Mastering K8s Application Lifecycle: Health Checks, Graceful Shutdown, Metrics & Tracing

This article explains how developers and operators should prepare a Go‑based service for Kubernetes by implementing health‑check endpoints, graceful shutdown handling, metrics exposure, tracing integration, standardized logging, and operational best practices such as stateless design, high availability, self‑healing, and HTTPS configuration.

Ops Development Stories

May 18, 2022

Mastering K8s Application Lifecycle: Health Checks, Graceful Shutdown, Metrics & Tracing

In the whole lifecycle of an application, development and operations are inseparable. When deploying to Kubernetes, both sides have responsibilities.

Development Side

From the development perspective, the application should provide the following capabilities:

Health check endpoint

Graceful shutdown

Metrics endpoint

Trace integration

Standardized log output

Define health check endpoint

The health check endpoint is used by Kubernetes readiness and liveness probes to determine if the pod is ready or alive.
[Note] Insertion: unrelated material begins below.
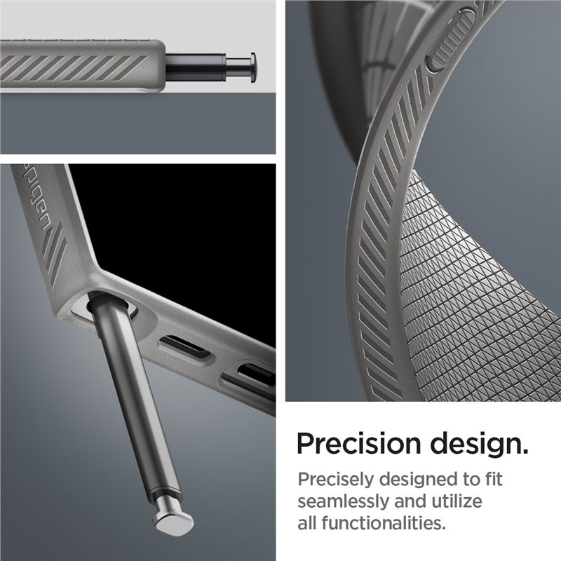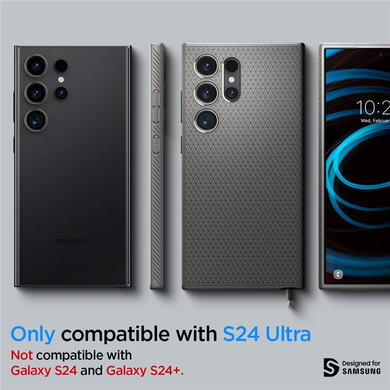 Šedé ochranné pouzdro Spigen Liquid Air pro Samsung Galaxy S24 Ultra představuje sofistikovaný doplněk s důrazem na praktičnost. Matný povrch s texturou zvyšuje stabilitu úchopu a efektivně maskuje drobné oděrky vznikající při každodenním používání.

If not defined, Kubernetes cannot assess the application’s health.

Example implementation:

package router

import (
    "github.com/gin-gonic/gin"
    v1 "go-hello-world/app/http/controllers/v1"
)

func SetupRouter(router *gin.Engine) {
    ruc := new(v1.RootController)
    router.GET("/", ruc.Root)

    huc := new(v1.HealthController)
    router.GET("/health", huc.HealthCheck)
}

package v1

import (
    "github.com/gin-gonic/gin"
    "go-hello-world/app/http/controllers"
    "go-hello-world/pkg/response"
    "net/http"
)

type HealthController struct {
    controllers.BaseController
}

func (h *HealthController) HealthCheck(c *gin.Context) {
    response.WriteResponse(c, http.StatusOK, nil, gin.H{"result": "健康检测页面", "status": "OK"})
}

When the application starts, Kubernetes probes this endpoint; a successful response indicates the app is healthy. In real scenarios, the health check may also need to verify dependent services such as Redis, MySQL, MQ, etc.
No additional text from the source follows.